Captain Mack Farr (captmacks.com) likes deep trolling for them. Two methods let you get your bait down to the level the stripers are holding and allow you to cover a lot of water: using lead-core line or downriggers. Lead-core line on your reel requires less equipment and is simpler, but downriggers also work.

Spool up a heavy saltwater reel with lead-core line. It comes in 15-, 18-, 27-, 36- and 45-pound test. For striper fishing in lakes and rivers, 27-pound is a good choice. The line is nylon coated for strength, and the lead core makes it go down deep.

Lead-core line is color coded, with a change of color every 30 feet, so you can know exactly how much line you have out.
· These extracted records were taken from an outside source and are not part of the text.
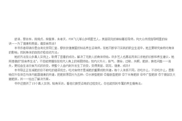 她的方法在众多真人实例上,取得了显着的成功,解决了无数人的身体烦恼。许多艺人也慕名而来以求她的诊断和养生建议。她所提倡的“择食养生法”,不但能使缠绕在现代人身上的顽固烦恼,如内火外火、胀气、便秘、过敏、失眠、肥胖、衰老问题一一消失,更经由生活饮食方式的改变,使整个人由内到外发生了改变,变得美丽、窈窕、健康、成功!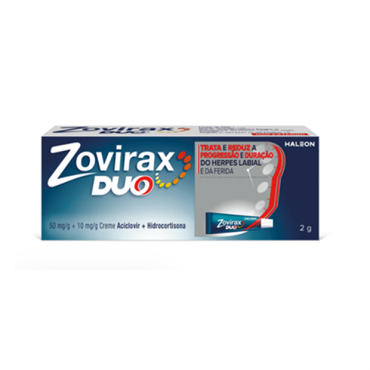 Zovirax Duo é um tratamento para o herpes labial, clinicamente comprovado que ajuda a impedir o aparecimento da ferida do herpes e a acelerar o tempo de cicatrização, quando aplicado aos primeiros sintomas. Apenas para uso cutâneo no herpes labial nos lábios e pele junto aos lábios. Não aplicar nas membranas mucosas (olho, interior da boca, nariz ou órgãos genitais). Contém 50mg/gr de creme de Aciclovir e 10mg/gr de Hidrocortisona.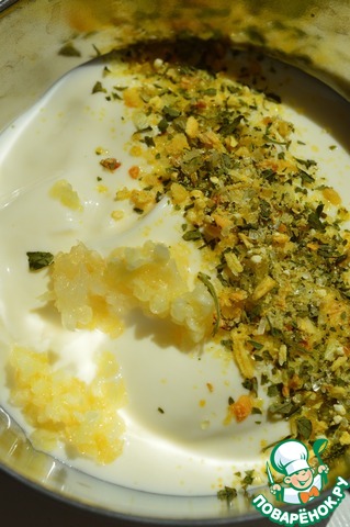 Сметану смешать с раздавленным зубчиком чеснока и специями (у меня были специальные для салата), дать заправке настояться 5 минут. Для мужчин, скорее всего, подойдет заправка из домашнего майонеза, чеснока и зелени.

Captain Farr ties a 30-foot, 15-pound-test fluorocarbon leader to the lead core. A lighter leader will break if you get hung, keeping you from losing the more expensive lead core, and is less likely to spook the fish.

You must use your electronics to find the depth the bait and stripers are holding. You need to troll your bait just over the fish, since stripers will come up a little to take a bait but seldom go down to it.
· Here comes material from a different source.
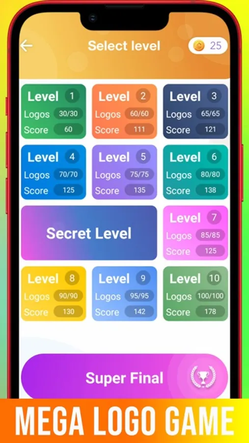 More than 3000 logos, including the ones, which brands used to have throughout the years — a secret historical level. In 23 levels of this brand logo quiz game, you will see car and fashion logos, guess the airlines' badges, food and beverage emblems.

A depth of 30 feet is fairly common this time of year, and balls of baitfish are critical.

You can experiment with different weights of line and baits to find the depth your rig runs. Captain Farr says a good rule of thumb is letting out 300 feet of line (nine colors plus your leader). With this length and weight of lead core, a 1-ounce bucktail tipped with a baitfish will get the bait down about 30 feet when trolled at 2 miles per hour.

A big bucktail with a live or dead 5- to 6-inch baitfish is Captain Farr’s choice of baits. You can troll crankbaits, too, and they will dive a little deeper, or a jerkbait-style plug to run a little less deep but with more flash and action.

“Stripers
Trolled rigs imitating multiple baitfish can be too much for stripers to resist. (Photo by Ron Sinfelt)

Downriggers are heavy weighs that are lowered on a cable. The weight has a clip to hold your line and releases when a fish hits. You can troll a variety of baits behind the downrigger ball and it will keep them at an exact depth.

Electric wenches on downriggers help you get the cable up quickly while fighting a fish, but they are more expensive than hand cranked ones. If you have several downriggers out you take a chance on the striper tangling in the cables while fighting it, even with electric wenches.

CASTING

Bill Carey (striperexpress.com) guides for stripers but uses only artificial baits, and casting them is his preferred method of fishing. His go-to bait is a chartreuse or white 1/2- to 1-ounce Road Runner underspin with a 9-inch white worm trailer. He says this is his big-fish bait. Carey also casts 5.5-inch Zoom Flukes and 4-inch Sassy Shad plastics on 1/2- to 1-ounce jig heads.

He runs structure like ditches, creek channels, humps and main lake points. The best ones are shallow areas that drop quickly into deep water. Stripers will push baitfish up on these kinds of places, trap them, and feed on them.

Find that kind of structure and then make long casts across it, keeping your boat out in the deep water and casting up to the shallow areas. Reel at different speeds in order to control the depth at which your bait is running. Stripers may want your bait anywhere from just under the surface all the way down to the bottom.

Carey says big stripers are much like big bucks — they are loners. Big ones might run in a small group of two or three, but they are not usually in big schools. Nevertheless, when you catch one big one, make repeated casts to the same area.

Always watch for birds diving and surface activity. Even in the winter, keep a big pencil popper tied on and cast it to any activity you see. Also try it over the structure, even if you don’t see active fish.

These methods will help you catch stripers this time of year.